"Remember that the purpose of laws is to protect our private property from unlawful search and seizure--theft. The irony here is that while some people see nothing wrong with hackers searching and seizing Valve's property, they think its terrible that the FBI might search and seize the hacker's property. It's pretty funny when you think about how hypocritical that viewpoint is."
It's not hyporitical at all. You are presuming that the man that was searched was guilty. What if he is innocent? Should he not be PRESUMED innocent?
It's a shame someone took Valve's code, but what's worse if if they then turn around and destroy the life of an innocent man who had nothing to do with the crime. I'm protecting HIS rights, not the rights of a criminal.

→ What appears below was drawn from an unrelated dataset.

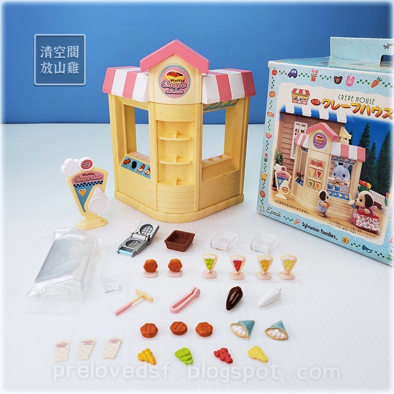 Sylvanian Families 森林家族日版可麗餅店。二手有盒,外盒很舊有破損、磨損、變形、泛黃、髒污等明顯歲月痕跡,點數未剪。日版1999年的老物,非第一手收藏,這組物況不好有缺件,僅適合改造用。

In addition, Valve's source code is intangible. It was not stolen. It was copied. They still have access to it. This man on the other hand no longer has access to his computers. So he is worse off than Valve is now.
"If this person's computers were seized, there is no corroboration that it involves Valve at all. He might have "photochopped" the search warrants to include mention of Valve simply to cover up the fact, among his friends and associates, that his property was seized for other purposes, such as common computer credit-card fraud, or something similar."
That is pretty damn far fetched.
"Finally, a good concept for you to consider is that the value of your neighbor's private property is determined by the owner of that property, and nobody else"
That's funny, because when we were moving, the moving company damaged my television, which I had been given, and so did not have a receipt for, and they managed to pull a number out of their ass for how much it was worth. And then scrwed me by saying it was worth less than the deductible.
So no, you don't set the value of the property you own. The government and insurance companies do.